(Assignment) Return the listing exactly as it appears, but strip out the images.

(Source data)
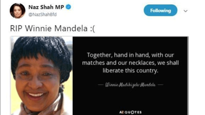 - Labour’s Naz Shah marked the death of Winnie Mandela with an ‘inspirational’ quote from the South African activist endorsing the brutal ‘necklacing’ murders of the ’80s and ’90s.
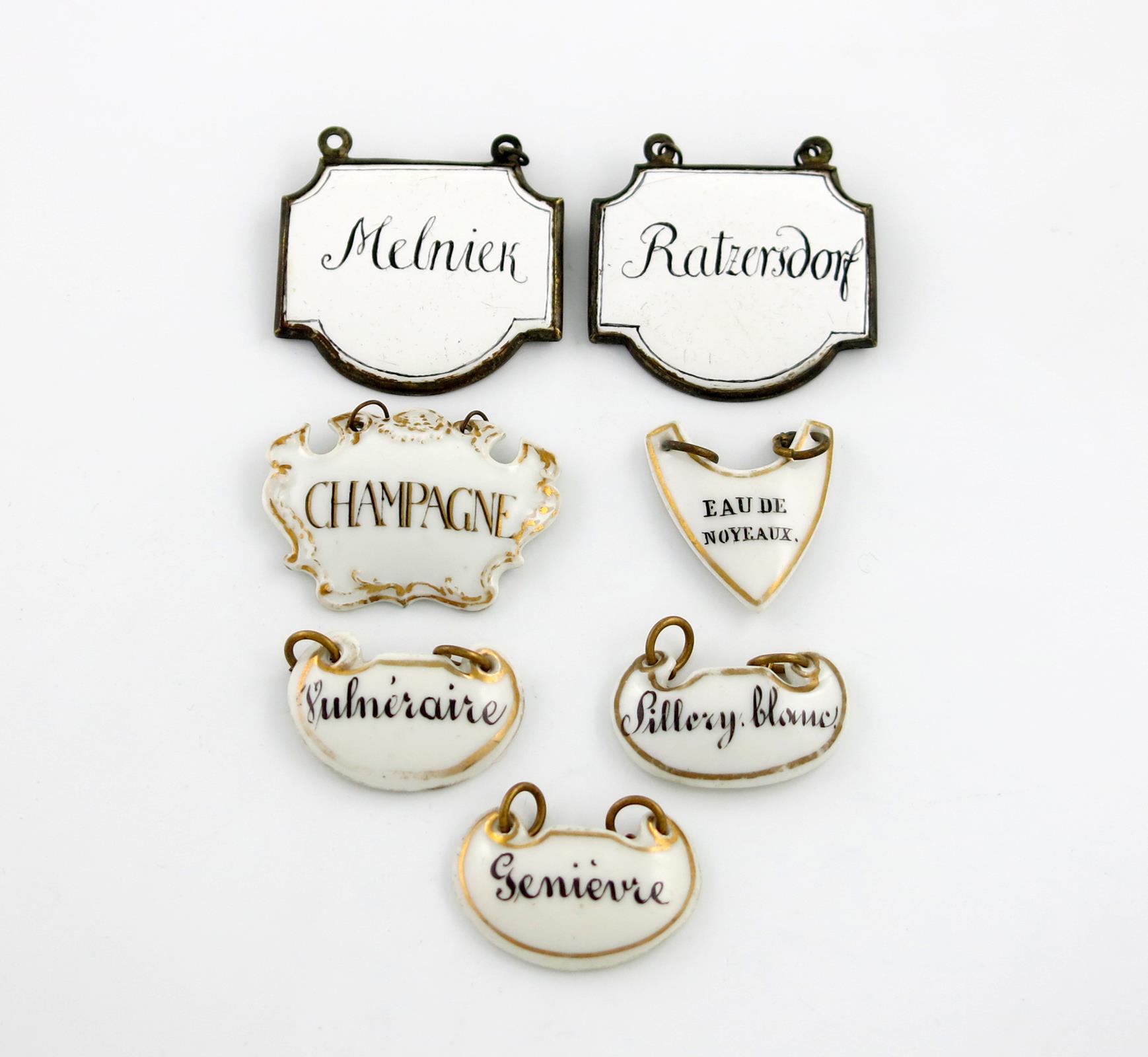 comprising: an enamelled pair, titled 'RATZERSDORF' and 'MELNIEK', plus five ceramic examples: one of escutcheon form, titled 'CHAMPAGNE', one 'EAU DE NOYEAUX' and three others. (7)
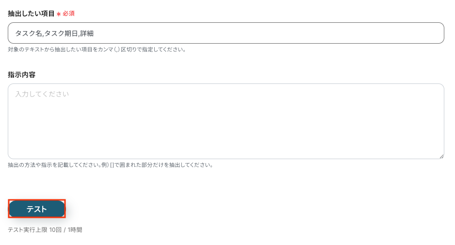 例えば、指示内容を入力する部分に「本文冒頭にある内容を抽出してください」など情報の位置を指定したり、「画像URLは除外してください」のような不要な情報を除外する条件を入れることも可能です。
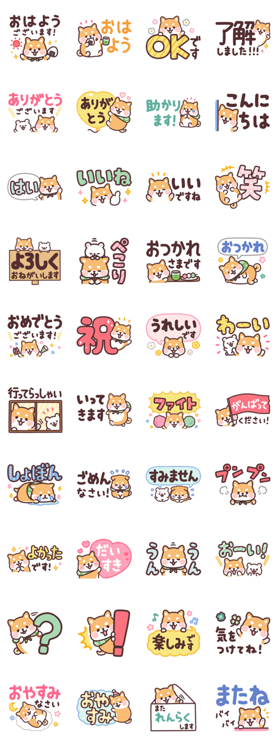 ころころ柴犬のデカ文字スタンプが出ました!大きい文字で見やすい、挨拶など基本の毎日使える内容です。友達や家族とのやりとりに、敬語丁寧語も入った万能セットです。

(Answer for this exercise)
 - Labour’s Naz Shah marked the death of Winnie Mandela with an ‘inspirational’ quote from the South African activist endorsing the brutal ‘necklacing’ murders of the ’80s and ’90s.
 comprising: an enamelled pair, titled 'RATZERSDORF' and 'MELNIEK', plus five ceramic examples: one of escutcheon form, titled 'CHAMPAGNE', one 'EAU DE NOYEAUX' and three others. (7)
 例えば、指示内容を入力する部分に「本文冒頭にある内容を抽出してください」など情報の位置を指定したり、「画像URLは除外してください」のような不要な情報を除外する条件を入れることも可能です。
 ころころ柴犬のデカ文字スタンプが出ました!大きい文字で見やすい、挨拶など基本の毎日使える内容です。友達や家族とのやりとりに、敬語丁寧語も入った万能セットです。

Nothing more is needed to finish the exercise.